**To do:**
The following entries should be restated word for word, pictures excluded.

**Data extract:**
<<<<

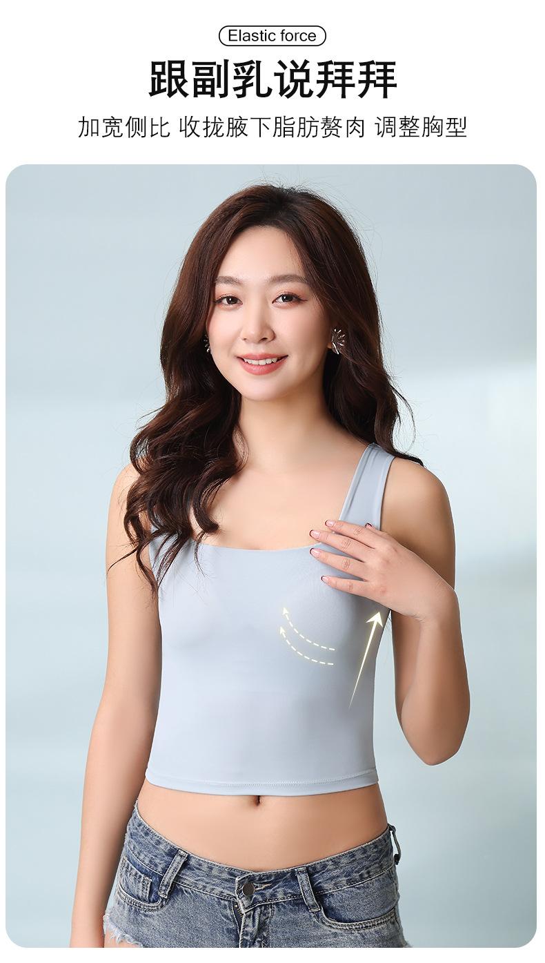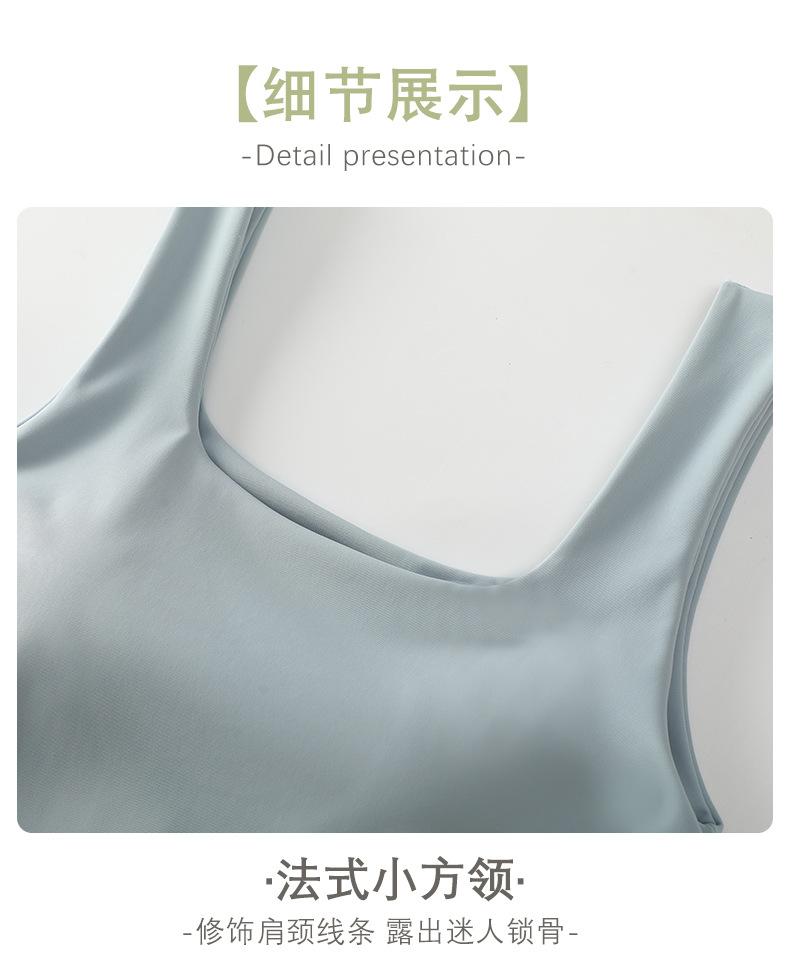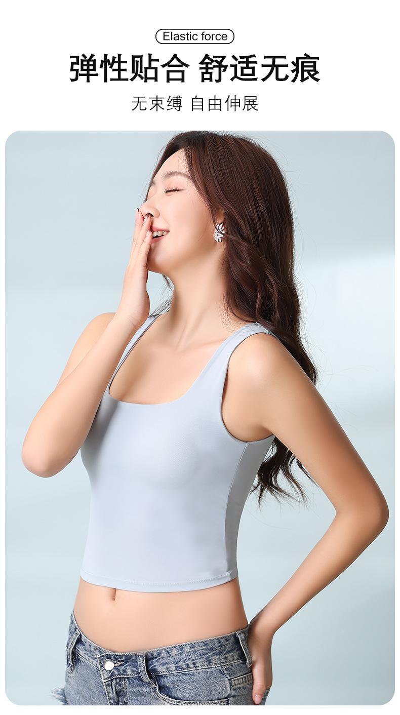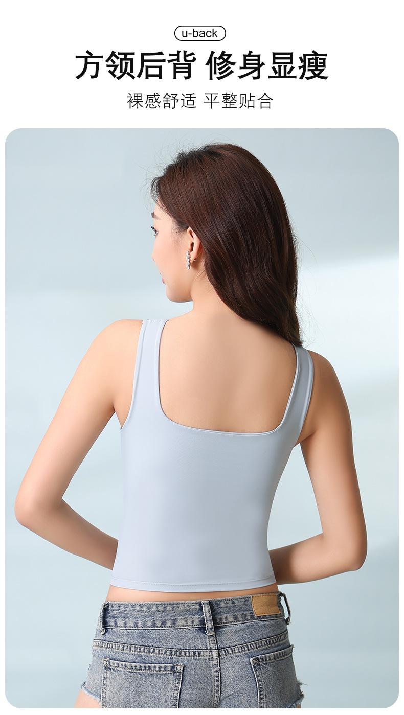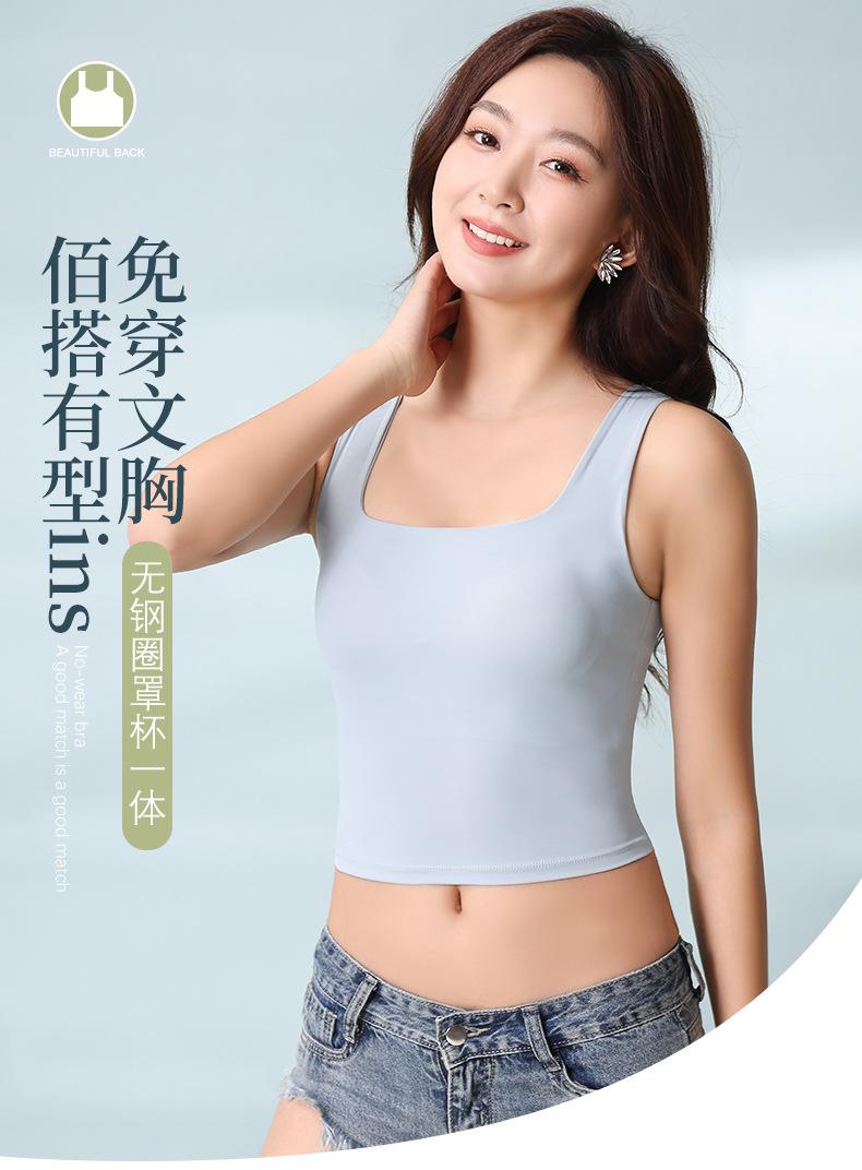Hermosa Camisola de Espalda para Mujer Verano Seda de Hielo Fresca Corta Interior Base Cuello Cuadrado Ropa Exterior con Almohadilla en el Pecho Ropa Interior de Una Pieza
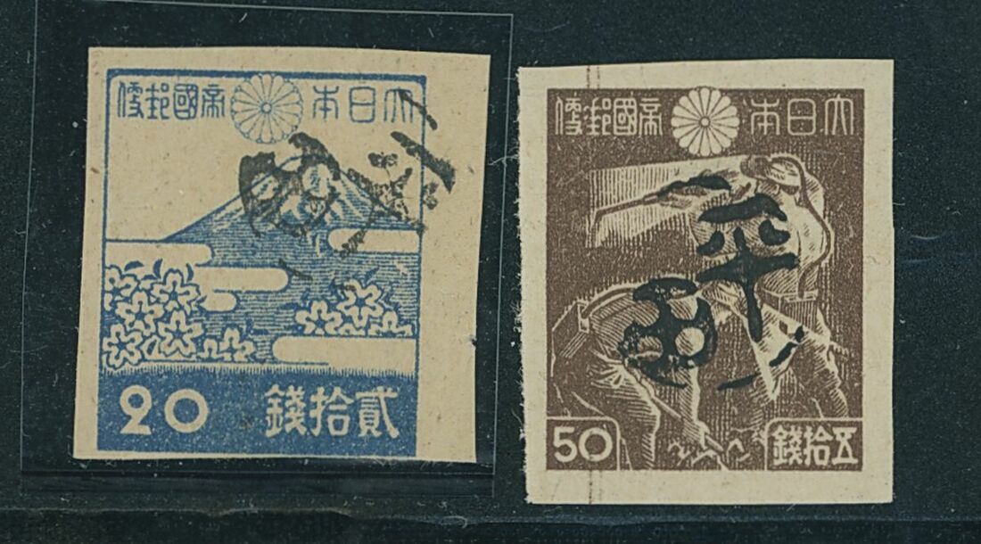 1947 unused duo including 20s. and 50s. without gum as issued. Fine and scarce. Each with a J.B. Head certificate. Scott 4X2, 4X3 $1,500
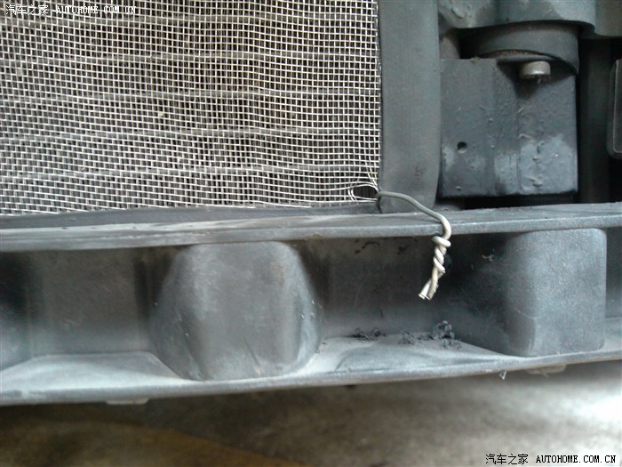 最烦的地方是这里:本来买的时候送了四条扎带,但是没用,不好固定,只好找铁丝来固定。下面这个位置没有孔,还是用电钻打了一个孔才好绑铁丝。
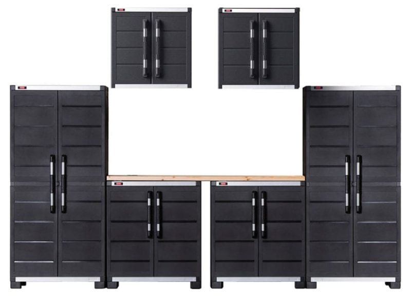 If youโre looking for durable, solid, and easily assembled workshop or garage storage cabinets that can turn your disorganized area into a place that you actually enjoy using, a place that you can tinker, create, and just relax while using some tools, then the Keter XL 6-Piece Garage Set is your solution. Ranging from around $700 to $900 depending on where you buy, you may be apprehensive, but this six-piece set provides expansive storage, lockable tall cabinets, a base for a workbench, and the quality and durability to last for many years. The set is worth the money and my garage workshop is remarkably better because of it. See the set for yourself on Keterโs website by clicking here.
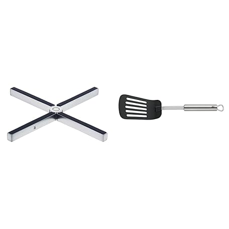 WMF MisterX Topfuntersetzer klappbar 19 x 19 cm & Profi Plus Pfannenwender Kunststoff 32,2 cm, Cromargan Edelstahl teilmattiert, Kunststoffvorderteil, spülmaschinengeeignet, hitzebeständig
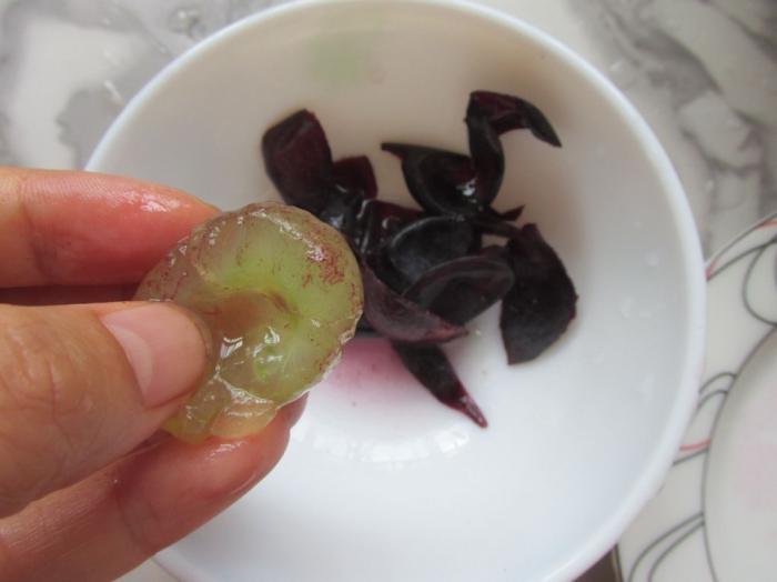 第二步:把葡萄洗淨之後,每一個葡萄都剝去葡萄皮,把葡萄中的籽去掉。葡萄皮營養也很豐富,不要扔哦。

>>>>

**Answer to this problem:**
Hermosa Camisola de Espalda para Mujer Verano Seda de Hielo Fresca Corta Interior Base Cuello Cuadrado Ropa Exterior con Almohadilla en el Pecho Ropa Interior de Una Pieza
 1947 unused duo including 20s. and 50s. without gum as issued. Fine and scarce. Each with a J.B. Head certificate. Scott 4X2, 4X3 $1,500
 最烦的地方是这里:本来买的时候送了四条扎带,但是没用,不好固定,只好找铁丝来固定。下面这个位置没有孔,还是用电钻打了一个孔才好绑铁丝。
 If youโre looking for durable, solid, and easily assembled workshop or garage storage cabinets that can turn your disorganized area into a place that you actually enjoy using, a place that you can tinker, create, and just relax while using some tools, then the Keter XL 6-Piece Garage Set is your solution. Ranging from around $700 to $900 depending on where you buy, you may be apprehensive, but this six-piece set provides expansive storage, lockable tall cabinets, a base for a workbench, and the quality and durability to last for many years. The set is worth the money and my garage workshop is remarkably better because of it. See the set for yourself on Keterโs website by clicking here.
 WMF MisterX Topfuntersetzer klappbar 19 x 19 cm & Profi Plus Pfannenwender Kunststoff 32,2 cm, Cromargan Edelstahl teilmattiert, Kunststoffvorderteil, spülmaschinengeeignet, hitzebeständig
 第二步:把葡萄洗淨之後,每一個葡萄都剝去葡萄皮,把葡萄中的籽去掉。葡萄皮營養也很豐富,不要扔哦。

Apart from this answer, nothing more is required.